The English garden or landscape garden – a new way of looking Nature


The English garden , also called the English landscape garden was a style of garden that emerged in England in the early 18th century and spread throughout Europe, replacing the jardin à la française.

This new garden style was strongly influenced by literature and philosophy.

english garden | the influence of painting

The design of the new garden was inspired by landscape paintings by Claude Lorrain (1600-1682) and Nicolas Poussin (ca.1594-1665).

They developed an interest for countryside landscapes, encouraging a whole new way of looking at nature while inviting its exploration.

English garden - influenced by Claude Lorrain Apollo and the Muses

Claude Lorrain Apollo and the Muses on Mount Helicon, 1680

english garden | the influence of travels

The images and descriptions, made by European travelers and missionaries, of the gardens of the old Chinese empire, which had as a basic characteristic the irregularity, the lack of symmetry of the paths and the non-use of topiary, also had an influence on the English garden .

english garden | the romanticism

In addition to these contributions to the development of the new style, the 18th century was marked by the Romantic movement.

It valued feelings, subjectivity, emotion, spontaneity, individual expression, and the search to highlight the beauty of nature and theInterpretation of masterpieces of Neoclassicism and Romanticism natural landscape.

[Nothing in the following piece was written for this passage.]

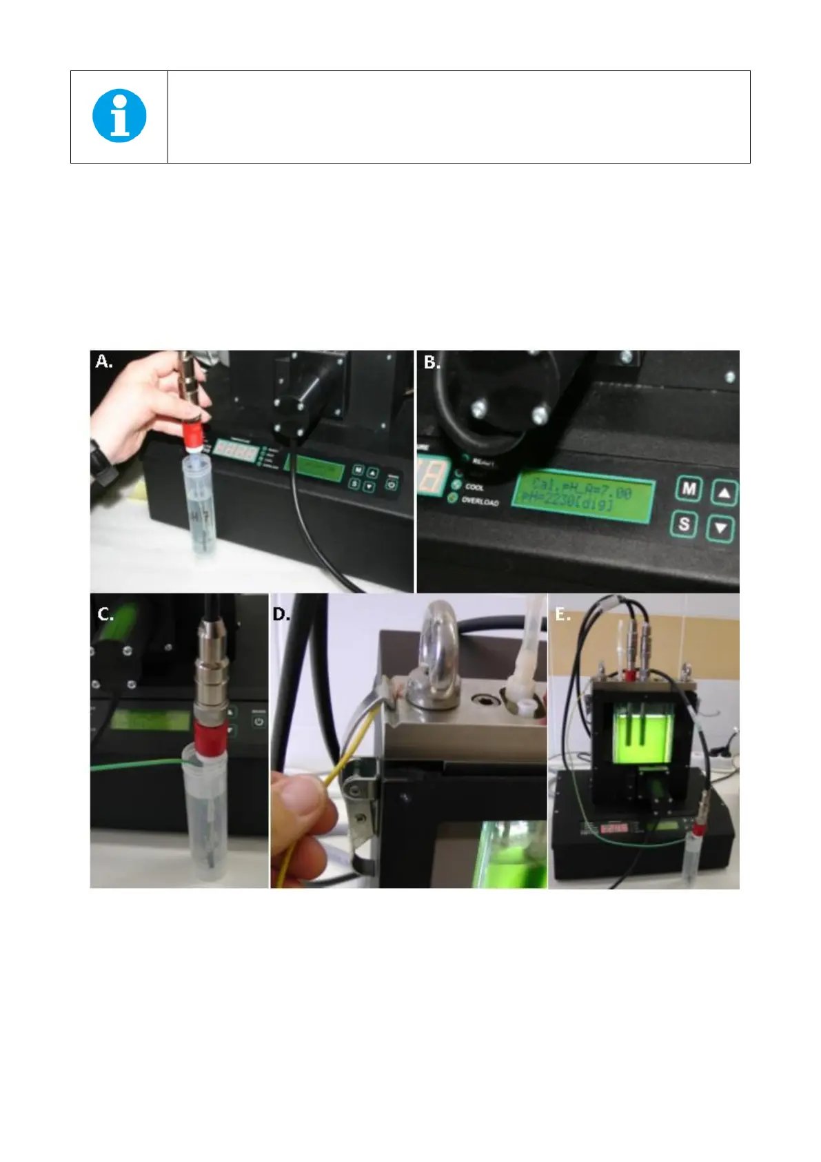 Fig. 17 pH sensor calibration. A) Electrode is placed into the solution of pH 7. B) Reading of the measured value. C, D, E) Grounding with

The idea that beauty was found in the natural and free, and not in the artificial and forced of the French parterres, contributed to the birth of the new garden style.

english garden | the concept

A proposal was developed to create an ideal English landscape, in which the natural landscape was recreated through a harmonious reaction between it and the built elements.

A different concept in relation to nature emerged, in which man did not impose himself, but rather sought to harmonize with and admire nature.

The English garden thus emerged as a revolution and opposition against the rigid patterns, symmetry, and richness of detail of the Baroque and Renaissance style.

It proclaimed above all the landscape and the rejection of symmetry, whose aim was no longer to control nature, but to enjoy it.

english garden | the sructure

The English landscape garden was centered on the country house, which was designed not to be admired from the residence, but to be walked through.

By having an asymmetrical orientation, the English garden allowed for a sense of discovery, mystery, and surprise.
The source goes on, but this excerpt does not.